PCA for gen_tibble objects by randomized partial SVD — gt_pca

This function performs Principal Component Analysis on a gen_tibble, by randomised partial SVD based on the algorithm in RSpectra (by Yixuan Qiu and Jiali Mei).
This algorithm is linear in time in all dimensions and is very memory-efficient. Thus, it can be used on very large big.matrices. This function is a wrapper for bigstatsr::big_randomSVD()

Usage

gt_pca_randomSVD(
  x,
  k = 10,
  fun_scaling = bigsnpr::snp_scaleBinom(),
  tol = 1e-04,
  verbose = FALSE,
  n_cores = 1,
  fun_prod = bigstatsr::big_prodVec,
  fun_cprod = bigstatsr::big_cprodVec,
  total_var = TRUE
)

Arguments

x

a gen_tbl object

k

Number of singular vectors/values to compute.
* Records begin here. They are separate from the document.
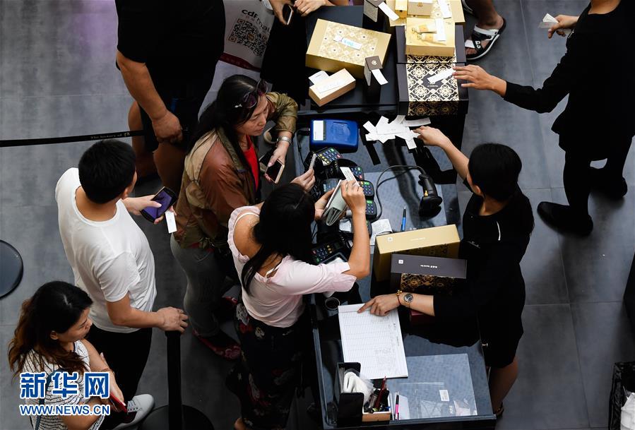 12月1日,游客在三亚国际免税城排队付款。 自2018年12月起,海南离岛免税购物政策施行新规,年度离岛免税限额由1.6万元增加至3万元。 新华社记者 杨冠宇 摄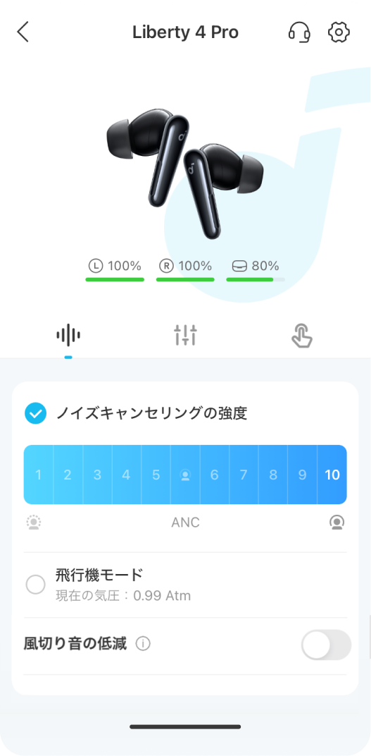 飛行機モード:気圧に合わせてノイズキャンセリングを最適化ケース操作が可能な機能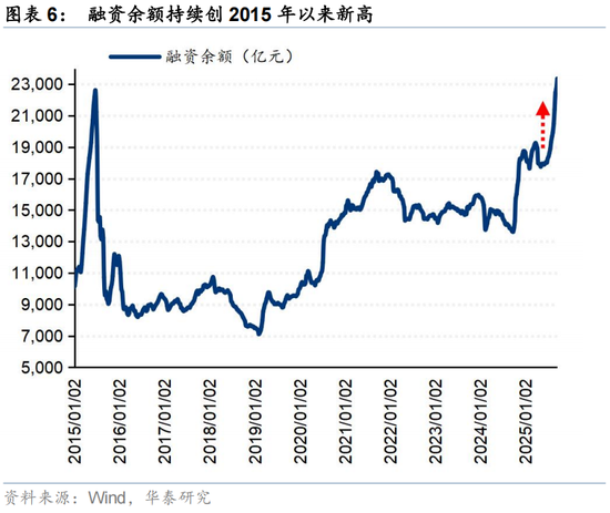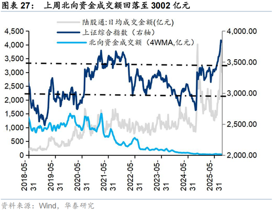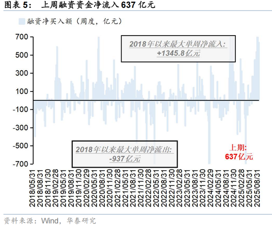 上周市场缩量收涨,参与交易的投资者数量中枢回落至7月底左右水平,交易型资金是市场的主要增量:1)有融资融券负债的投资者数量持续创新高,融资入市意愿仍偏强;2)上周融资净流入超600亿元,融资活跃度边际上行至11.6%,创2016年以来新高,方向上,融资资金持续布局电力设备,边际提升TMT仓位;3)龙虎榜指数成交额占比边际回落,但买卖额绝对值仍在2025年以来高位。
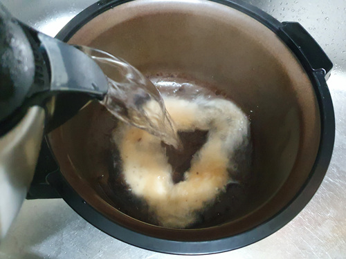 밥솥에 각종 채소를 넣어 삶다가 시꺼멓게 탔다면 저처럼 과탄산소다와 뜨거운 물을 이용해 설거지해 보세요.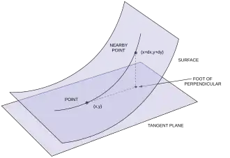 | Implicit functions | ... for any local defining function F whose domain contains p, X is orthogonal to ∇F(p) | ... for any local defining function F whose domain contains p, n is a multiple of ∇F(p) |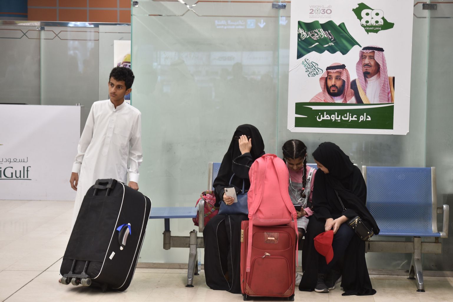 Passengers waiting for a flight at Abha airport, one day after a Yemeni rebel missile attack.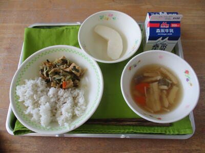 今日の給食のおかずは「豚汁、大豆と豆腐のフライ、チンゲン菜のごま和え」でした。残暑のせいか、残食が多くなりがちだった9月。少しずつ涼しくなってきたので、しっかり食べて元気アップにつなげたいです。今日も美味しかったです!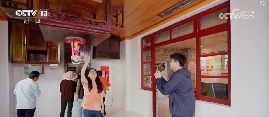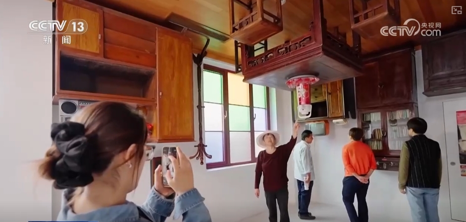 在無錫市錫山區談村鄉村博物館的“倒立屋”前,一批批遊客和新農人正興奮地擺出騰空姿勢。談村“倒立屋”經過建築師的巧妙設計,沙發懸頂、吊燈“長”在地面,穿越感滿滿。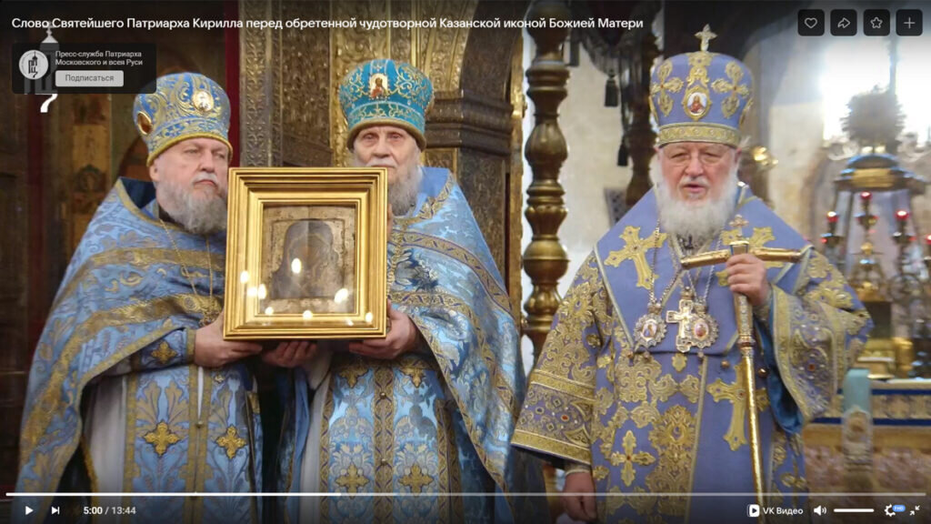 Патриарх Московский и всея Руси Кирилл представил в Успенском соборе Московского Кремля оригинальную Казанскую икону Божией Матери, считавшуюся утерянной более века назад. Он отметил, что именно перед этой иконой молился князь Пожарский в самый опасный период русской истории. Икона датируется 1580 годом. Предстоятель РПЦ сообщил, что икона ранее не показывалась народу и находилась в келье Патриарха, так как ему нужно было многое выяснить, прежде чем объявить об этом открытии. «Это событие можно отнести к историческим событиям… Вы видите перед собой подлинник чудотворного образа Казанской Божией Матери, перед которым молились Пожарский, Минин», — сказал Патриарх Московский и всея Руси Кирилл. ФОТО: скриншот с видео В России найден оригинал считавшейся утерянной Казанской иконы Божией Матери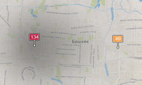 - в районе улиц Бейшеналиевой/Токтогула. Уровень загрязнения превышен в 1,48 раза: PM2.5 среднесуточный — 52 мкг/м³, на момент измерения — 134 мкг/м³;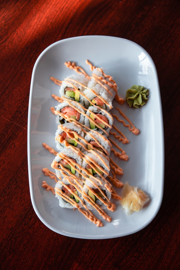 Salmon spicy roll: Avocado and cucumber topped with sesame seeds and spicy mayonnaise sauce

Default is 10. This algorithm should be used to compute a few singular vectors/values.

fun_scaling

Usually this can be left unset, as it defaults to bigsnpr::snp_scaleBinom(), which is the appropriate function for biallelic SNPs. Alternatively it is possible to use custom function (see bigsnpr::snp_autoSVD() for details.

tol

Precision parameter of svds. Default is 1e-4.

verbose

Should some progress be printed? Default is FALSE.

n_cores

Number of cores used.

fun_prod

Function that takes 6 arguments (in this order):

a matrix-like object X,
a vector x,
a vector of row indices ind.row of X,
a vector of column indices ind.col of X,
a vector of column centers (corresponding to ind.col),
a vector of column scales (corresponding to ind.col), and compute the product of X (subsetted and scaled) with x.

fun_cprod

Same as fun.prod, but for the transpose of X.

total_var

a boolean indicating whether to compute the total variance of the matrix. Default is TRUE. Using FALSE will speed up computation, but the total variance will not be stored in the output (and thus it will not be possible to assign a proportion of variance explained to the components).

Value

a gt_pca object, which is a subclass of bigSVD; this is an S3 list with elements: A named list (an S3 class "big_SVD") of

d, the eigenvalues (singular values, i.e. as variances),
u, the scores for each sample on each component (the left singular vectors)
v, the loadings (the right singular vectors)
center, the centering vector,
scale, the scaling vector,
method, a string defining the method (in this case 'randomSVD'),
call, the call that generated the object.

Note: rather than accessing these elements directly, it is better to use tidy and augment. See gt_pca_tidiers.